— EXERCISE PROMPT —
All lines below starting at the one that holds "Lucerna in argento" and ending at the one that holds "BREATHEFREE LANKA PVT" should be printed exactly, ends included. Pictures should not be printed, nor anything else.

— DATA —

--- --- ---

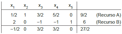 O tableau acima indica uma iteração qualquer do Algoritmo Simplex na solução do problema, onde x1, x2 e x3 são as quantidades produzidas de gás, óleo e gasolina bruta, respectivamente, e x3 e x4 são as folgas das restrições relativas aos recursos A e B. A partir do tableau afirma-se que as variáveis
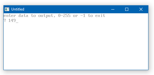 PRINT "enter data to output, 0-255 or -1 to exit"
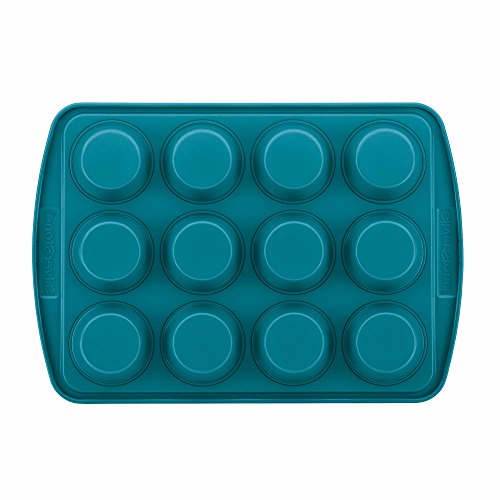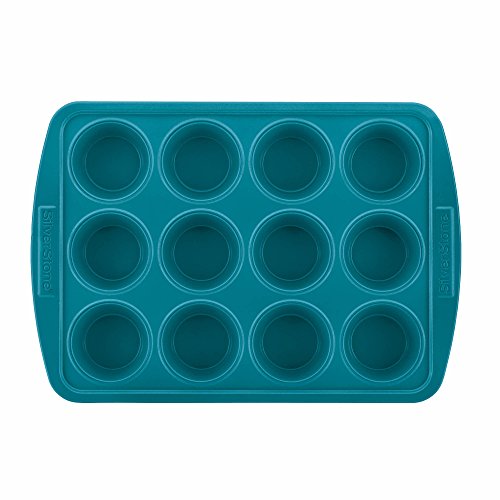 SilverStone Hybrid Ceramic Nonstick Bakeware Steel Cupcake & Muffin Pan, 12-Cup, Marine Blue
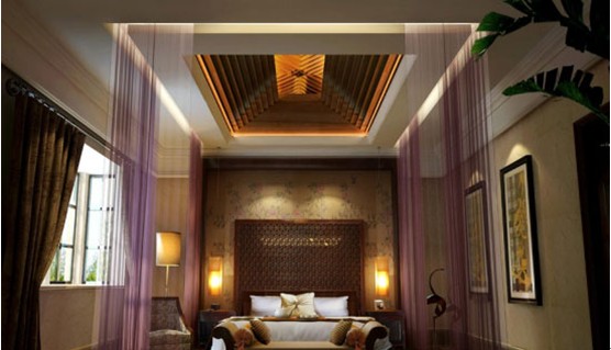 整個(gè)主臥圍繞新東方元素進(jìn)行打造;四邊的紗蔓猶讓人如入宮殿境界;
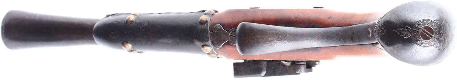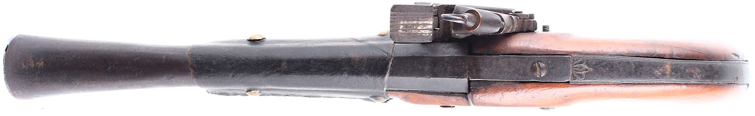CONDITION: The wood stock is good. There is a repaired break on the front strap, a few cracks, edge chips & other contusions/scrapes. There is an old piece of leather hide wrapped around the forend, held by brass tacks. The stock is curved in imitation of the Model 1804 Spanish Pistol. The miquelet lock & metal components have fully toned to a smooth brown patina, with intermittent pitting. Bore is fair, dark & rough. No sights. Rather crude construction. Antique, No FFL Req. - Value: 1000 to 2000
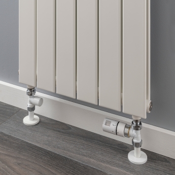The popular Lateral collection consists of 70mm flat vertical tubes that exude style through their strong lines and angles. The Lateral Slimline is an extension of that design, but with underneath connections rather than standard side connections. This is particularly useful when the width of the radiator spans most of the wall, and there is not enough room to accommodate the additional width required for side-mounted radiator valves. The Lateral Slimline radiator solves this by allowing the valves to be added beneath the radiator. Finished in RAL 9016 white as standard.
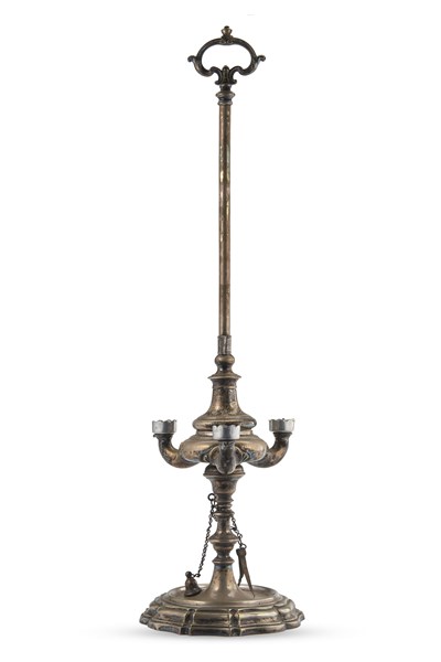 Lucerna in argento con fusto liscio su base a profilo mistilineo e gradinata. Contenitore porta olio a tre fiamme, accessori appesi alle catenelle e presa a volute contrapposte. Secolo XVIII/XIX (h. cm 65) (g lordi 1400) (difetti)
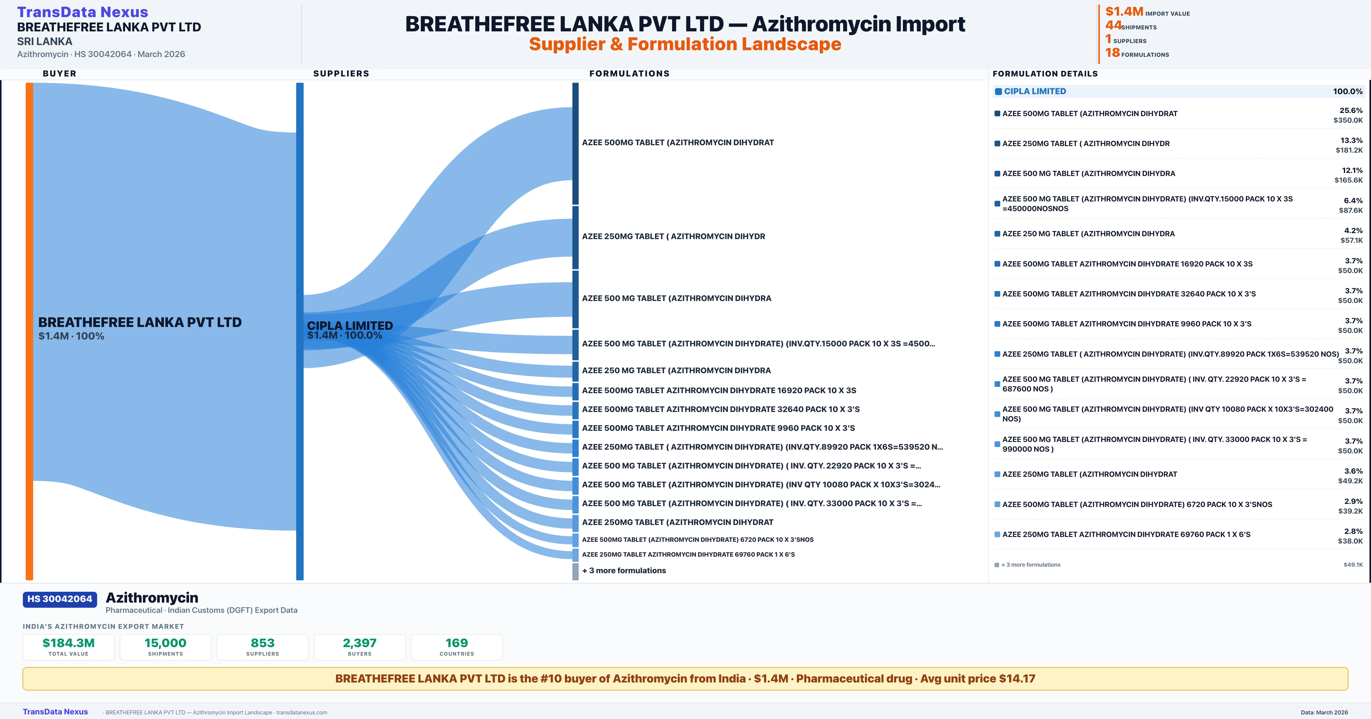 BREATHEFREE LANKA PVT LTD sources Azithromycin from 1 verified Indian supplier: CIPLA LIMITED ($1.4M, 100.0%). This is based on 44 customs records.
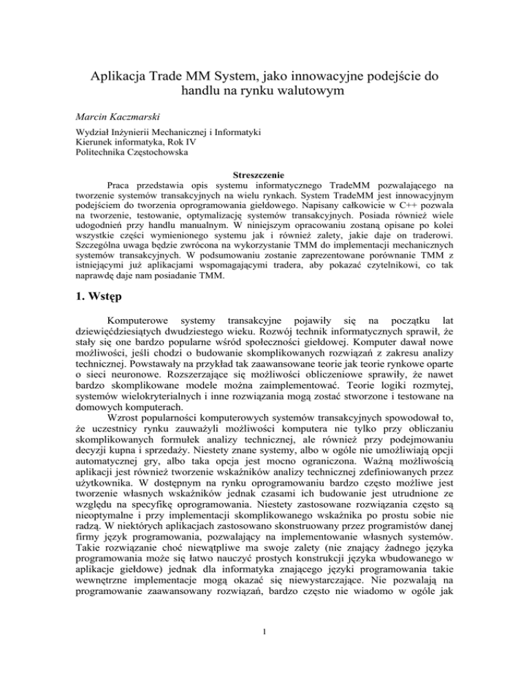 Aplikacja Trade MM System, jako innowacyjne podejście do handlu na rynku walutowym Marcin Kaczmarski Wydział Inżynierii Mechanicznej i Informatyki Kierunek informatyka, Rok IV Politechnika Częstochowska Streszczenie Praca przedstawia opis systemu informatycznego TradeMM pozwalającego na tworzenie systemów transakcyjnych na wielu rynkach. System TradeMM jest innowacyjnym podejściem do tworzenia oprogramowania giełdowego. Napisany całkowicie w C++ pozwala na tworzenie, testowanie, optymalizację systemów transakcyjnych. Posiada również wiele udogodnień przy handlu manualnym. W niniejszym opracowaniu zostaną opisane po kolei wszystkie części wymienionego systemu jak i również zalety, jakie daje on traderowi. Szczególna uwaga będzie zwrócona na wykorzystanie TMM do implementacji mechanicznych systemów transakcyjnych. W podsumowaniu zostanie zaprezentowane porównanie TMM z istniejącymi już aplikacjami wspomagającymi tradera, aby pokazać czytelnikowi, co tak naprawdę daje nam posiadanie TMM. 1. Wstęp Komputerowe systemy transakcyjne pojawiły się na początku lat dziewięćdziesiątych dwudziestego wieku. Rozwój technik informatycznych sprawił, że stały się one bardzo popularne wśród społeczności giełdowej. Komputer dawał nowe możliwości, jeśli chodzi o budowanie skomplikowanych rozwiązań z zakresu analizy technicznej. Powstawały na przykład tak zaawansowane teorie jak teorie rynkowe oparte o sieci neuronowe. Rozszerzające się możliwości obliczeniowe sprawiły, że nawet bardzo skomplikowane modele można zaimplementować. Teorie logiki rozmytej, systemów wielokryterialnych i inne rozwiązania mogą zostać stworzone i testowane na domowych komputerach. Wzrost popularności komputerowych systemów transakcyjnych spowodował to, że uczestnicy rynku zauważyli możliwości komputera nie tylko przy obliczaniu skomplikowanych formułek analizy technicznej, ale również przy podejmowaniu decyzji kupna i sprzedaży. Niestety znane systemy, albo w ogóle nie umożliwiają opcji automatycznej gry, albo taka opcja jest mocno ograniczona. Ważną możliwością aplikacji jest również tworzenie wskaźników analizy technicznej zdefiniowanych przez użytkownika. W dostępnym na rynku oprogramowaniu bardzo często możliwe jest tworzenie własnych wskaźników jednak czasami ich budowanie jest utrudnione ze względu na specyfikę oprogramowania. Niestety zastosowane rozwiązania często są nieoptymalne i przy implementacji skomplikowanego wskaźnika po prostu sobie nie radzą. W niektórych aplikacjach zastosowano skonstruowany przez programistów danej firmy język programowania, pozwalający na implementowanie własnych systemów. Takie rozwiązanie choć niewątpliwe ma swoje zalety (nie znający żadnego języka programowania może się łatwo nauczyć prostych konstrukcji języka wbudowanego w aplikacje giełdowe) jednak dla informatyka znającego języki programowania takie wewnętrzne implementacje mogą okazać się niewystarczające. Nie pozwalają na programowanie zaawansowany rozwiązań, bardzo często nie wiadomo w ogóle jak 1 działają i w jakich sytuacjach podejmują decyzję. Jeśli pojawi się jakiś problem z systemem, wada, którą nie zauważyli programiści firmy projektującej dane rozwiązanie użytkownik jest skazany na czekanie na nową wersję platformy, gdyż nie może sam nic zmienić i poprawić. W systemie TMM, gdzie wszystko jest zaimplementowane w języku C++ programista może za pomocą odpowiednich narzędzi prześledzić działanie stworzonego systemu, sposób, w jaki on podejmuje decyzje. W przypadku wystąpienia błędu można go łatwo zlokalizować i poprawić. Myślę, że powierzenie swojego kapitału aplikacji, która działa nie do końca pod kontrolą tradera jest, co najmniej ryzykowne i dlatego wielu traderów choć widzi niewątpliwe zalety mechanicznych systemów nie decyduje się na ich wdrożenie. Dlatego na zakończenie tego opracowania postaram się porównać funkcjonalność znanych mi systemów z systemem TMM. 2. Opis funkcji programu Podstawowymi funkcjami programu, które chciałbym wyodrębnić są: nawiązywanie połączenia z serwerem; pobieranie aktualnych cen; zawieranie transakcji kupna, sprzedaży; modyfikowanie transakcji wartościami StopLoss i TakeProfit; dodawanie, usuwanie i modyfikowanie wskaźników analizy technicznej; wizualizacja danych, mechaniczne systemy optymalizowane. • Nawiązywanie połączenia z serwerem Dzięki funkcjom z rodziny API udostępnianym przez firmę MetaQuotes Software Corporation program zapewnia komunikację z serwerem. Funkcje te są zamknięte w bibliotece dll i mogą być dołączone do programu. Niestety jak na razie MetaQuotes Software Corporation nie zdecydowała się zrobić implementacji API pod linuxa, z tego powodu funkcje te są dedykowane systemom Microsoftu. Wprowadza to pewne utrudnienia jeśli chodzi o implementację przy użyciu biblioteki QT. Parametrami łączenia z serwerem są, z punktu widzenia użytkownika: nazwa serwera, port, numer konta użytkownika i hasło. • pobieranie aktualnych cen par walut Pobieranie cen jest realizowane również przy użyciu funkcji API, ceny poszczególnych par są sprawdzane co pewien krótki okres czasu (0.5 sekundy) i w przypadku, gdy cena na serwerze ulegnie zmianie, zmieniana jest ona również w programie. Na rysunku 1 widzimy ceny poszczególnych par walut. 2 Rys. 1 Ceny par walut pobierane na bieżąco Niektóre pary takie jak USD/PLN, czy EUR/PLN nie są ujęte na powyższym rysunku, jest to związane ze specyfiką serwera, z którym program jest aktualnie połączony. W zależności od konkretnego brokera jest inna lista par kwotowanych, czyli takich na których trader może przeprowadzać transakcje. • zawieranie transakcji kupna, sprzedaży Zawieranie transakcji jest z punktu widzenia użytkownika jednym z najważniejszych, o ile nie najważniejszym z elementów systemu TMM, dlatego 
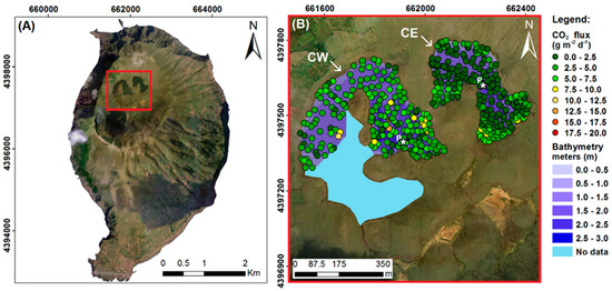 Natural CO2 can have several origins in that it can originate from the mantle, from carbonate rocks existing in the crust, or as the result of biogenic activity [17]. Over the last decade, studies of diffuse degassing CO2 have been conducted in volcanic lakes all over the world and in other types of water bodies, and such studies have provided important information about their spatial and temporal flux variations and have been shown to be a relevant tool for mapping hidden active faults and/or for active volcano monitoring [10,18,19,20,21,22,23,24,25]. In addition, these studies have contributed to improving the Earth’s carbon budget (e.g., [9,24,26,27,28,29,30,31,32,33,34,35,36]).
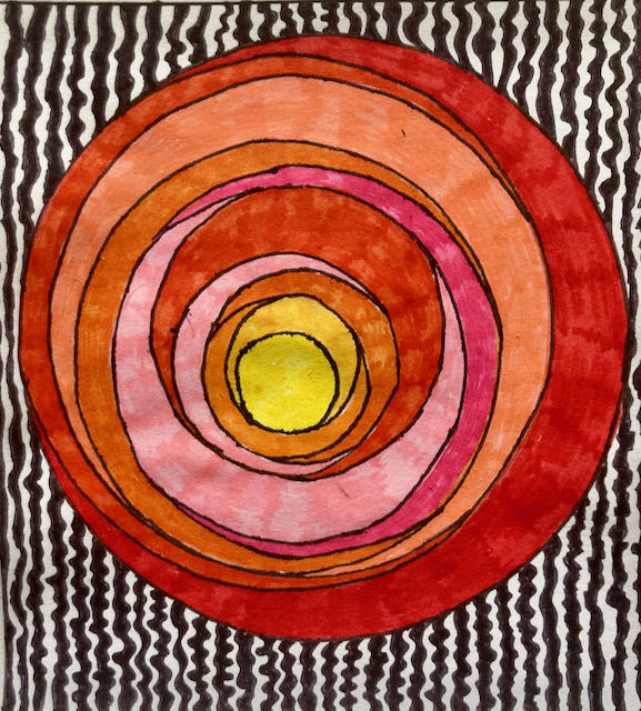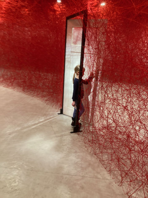 Flickan löper genom utställningsutrymmet så farfar har svårt att hänga med. De går vilse i Daniel Burens färglada labyrint. Barn och åldringar över 70 kommer gratis in så farfar kommer billigt undan, förutom utgiften på varsin glass. Souvenirboden avfärdas med att allt är för dyrt.
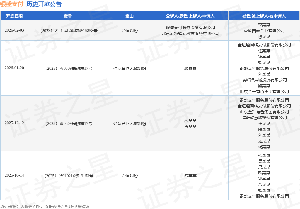 根据统计,近一年内以银盛支付服务股份有限公司为当事人的历史开庭公告有4则,其中案由为“合同纠纷”的公告以2则居首,其次为“确认合同无效纠纷”有2则。历史开庭公告如下:
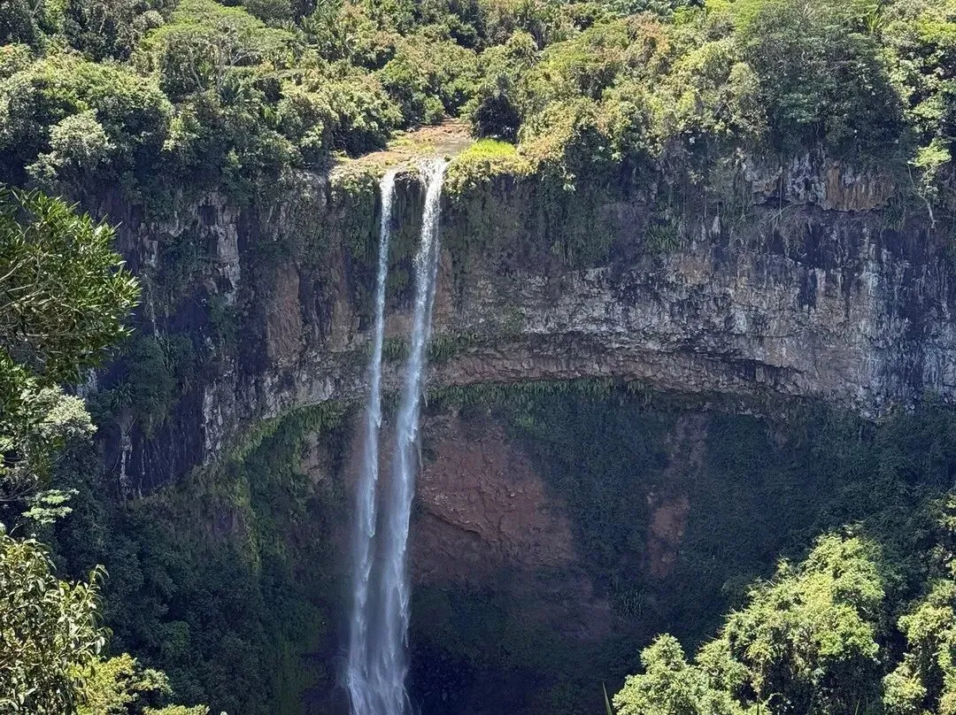 (2)夏玛尔瀑布(Chamarel Waterfall)位于毛里求斯西南部地区,邻近当地著名的七色土景区。它是毛里求斯最大落差的瀑布,落差高度堪比美国自由女神像。从远处观望,瀑布自悬崖凌空而下,十分壮观。景区内有高低两个观景台,较高的观景台可以拍到瀑布的全景。该瀑布由两条河流会合而成,落差有100米的神奇夏玛尔瀑布从原生植被中流淌出来,周围绿色植物繁荣,群山连绵起伏,环境幽静,呈现出一派原始自然风光。您在欣赏瀑布的时候还会看到一些野生猴子,由于这里经常会有猴子出没,所以不要将个人物品放在无人看管的地方。
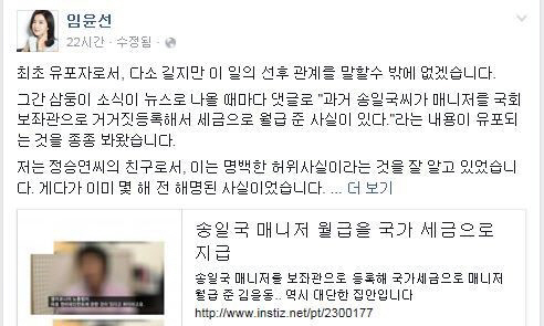 문제의 글은 정승연 씨와 친분이 있는 임윤선 변호사가 친구 공개로 받은 글을 자신의 페이스북에 공개하면서부터 큰 논란을 불러일으켰다. 문제가 일파만파로 확산되자 공개자인 임 변호사는 11일 페이스북을 통해 해명에 나섰다. 그는 "최초 유포자로서, 다소 길지만 이 일의 선후 관계를 말할 수밖에 없다"는 글을 통해 "최근 몇몇 유명 사이트에 해당 시사 프로를 악의적으로 편집한 글들이 자극적인 제목과 함께 올라왔고, 사실이 아닌 글로 가족이 모두 욕을 먹는 상황에서 화가 난 정승연이 친구 공개로 페이스북에 글을 올린 걸 자신이 퍼뜨렸다"고 경위를 설명했다. 이어 그는 "자식까지 싸잡아 허위 사실을 퍼뜨린 사람들에게 알려주고픈 마음이었다. 언니도 나도 워낙 화가 나 있는 상태였기 때문에, 말투가 그리 문제될 것이라는 생각을 못했다. 허위 사실로 욕하던 사람들이 이번에는 쟁점을 바꿔 정승연을 공격 대상으로 바꿔 갑자기 '알바에게 4대 보험따위 대 줄 이유 없다'라고 싸가지 없이 외치는 갑질 인간으로 만들어 버렸다"고 안타까워했다. 임씨는 "난무하는 허위 사실 때문에 화가 난 터라 진실을 알리고파 글을 캡처한 것인데, 나 때문에 이런 파장을 겪게 된 언니에게 매우 미안한 마음"이라고 말했다. 끝으로 "흥분한 상태에서 친구들에게 쓴 격한 표현 하나로 사람을 매도하지 않길 진심으로 부탁드린다. 그리고 저로 인해서 이렇게 문제가 커진 것, 진심으로 죄송하다"고 사과했다.

--- --- ---

— EXERCISE SOLUTION —
 Lucerna in argento con fusto liscio su base a profilo mistilineo e gradinata. Contenitore porta olio a tre fiamme, accessori appesi alle catenelle e presa a volute contrapposte. Secolo XVIII/XIX (h. cm 65) (g lordi 1400) (difetti)
 BREATHEFREE LANKA PVT LTD sources Azithromycin from 1 verified Indian supplier: CIPLA LIMITED ($1.4M, 100.0%). This is based on 44 customs records.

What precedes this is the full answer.